What to do:
Reproduce only the lines of the material below that start at the line containing "大学生体质健康检测能对大学生" and stop at the line containing "ภาพที่ 8 นักเรียนอัสสัมชัญที่ท้องสนามหลวง". Keep both end lines.

Data extract:
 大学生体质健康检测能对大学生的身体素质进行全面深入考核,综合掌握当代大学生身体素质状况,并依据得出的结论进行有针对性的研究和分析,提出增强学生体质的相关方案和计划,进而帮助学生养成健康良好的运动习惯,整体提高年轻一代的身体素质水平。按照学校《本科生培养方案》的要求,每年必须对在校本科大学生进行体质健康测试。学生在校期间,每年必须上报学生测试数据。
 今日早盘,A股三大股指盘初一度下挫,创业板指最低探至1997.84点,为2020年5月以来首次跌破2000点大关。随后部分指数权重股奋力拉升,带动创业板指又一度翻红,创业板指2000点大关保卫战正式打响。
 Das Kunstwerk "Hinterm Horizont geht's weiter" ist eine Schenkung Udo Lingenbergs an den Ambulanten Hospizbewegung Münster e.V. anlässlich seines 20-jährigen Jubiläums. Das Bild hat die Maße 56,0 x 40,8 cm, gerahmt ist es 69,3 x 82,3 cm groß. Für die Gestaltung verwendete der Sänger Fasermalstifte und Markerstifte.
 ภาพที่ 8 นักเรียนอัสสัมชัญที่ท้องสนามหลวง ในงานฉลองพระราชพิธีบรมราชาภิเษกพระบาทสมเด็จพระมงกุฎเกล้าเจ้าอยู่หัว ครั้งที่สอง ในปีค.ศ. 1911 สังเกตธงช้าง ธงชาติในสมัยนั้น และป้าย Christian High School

==

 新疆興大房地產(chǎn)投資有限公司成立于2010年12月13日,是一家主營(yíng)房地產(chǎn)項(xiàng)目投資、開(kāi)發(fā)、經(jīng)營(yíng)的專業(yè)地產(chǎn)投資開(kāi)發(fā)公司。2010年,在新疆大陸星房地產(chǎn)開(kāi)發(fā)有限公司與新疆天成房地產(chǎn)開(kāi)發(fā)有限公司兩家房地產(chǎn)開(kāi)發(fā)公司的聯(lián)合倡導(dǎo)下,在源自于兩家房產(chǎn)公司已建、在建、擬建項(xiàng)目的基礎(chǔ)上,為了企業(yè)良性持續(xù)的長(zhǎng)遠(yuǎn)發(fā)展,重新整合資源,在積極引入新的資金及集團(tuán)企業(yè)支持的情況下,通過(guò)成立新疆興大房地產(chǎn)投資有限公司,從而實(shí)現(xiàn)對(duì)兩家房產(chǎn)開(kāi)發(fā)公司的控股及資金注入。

--

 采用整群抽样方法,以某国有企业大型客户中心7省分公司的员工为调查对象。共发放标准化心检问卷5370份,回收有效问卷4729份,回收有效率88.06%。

Solved exercise:
 大学生体质健康检测能对大学生的身体素质进行全面深入考核,综合掌握当代大学生身体素质状况,并依据得出的结论进行有针对性的研究和分析,提出增强学生体质的相关方案和计划,进而帮助学生养成健康良好的运动习惯,整体提高年轻一代的身体素质水平。按照学校《本科生培养方案》的要求,每年必须对在校本科大学生进行体质健康测试。学生在校期间,每年必须上报学生测试数据。
 今日早盘,A股三大股指盘初一度下挫,创业板指最低探至1997.84点,为2020年5月以来首次跌破2000点大关。随后部分指数权重股奋力拉升,带动创业板指又一度翻红,创业板指2000点大关保卫战正式打响。
 Das Kunstwerk "Hinterm Horizont geht's weiter" ist eine Schenkung Udo Lingenbergs an den Ambulanten Hospizbewegung Münster e.V. anlässlich seines 20-jährigen Jubiläums. Das Bild hat die Maße 56,0 x 40,8 cm, gerahmt ist es 69,3 x 82,3 cm groß. Für die Gestaltung verwendete der Sänger Fasermalstifte und Markerstifte.
 ภาพที่ 8 นักเรียนอัสสัมชัญที่ท้องสนามหลวง ในงานฉลองพระราชพิธีบรมราชาภิเษกพระบาทสมเด็จพระมงกุฎเกล้าเจ้าอยู่หัว ครั้งที่สอง ในปีค.ศ. 1911 สังเกตธงช้าง ธงชาติในสมัยนั้น และป้าย Christian High School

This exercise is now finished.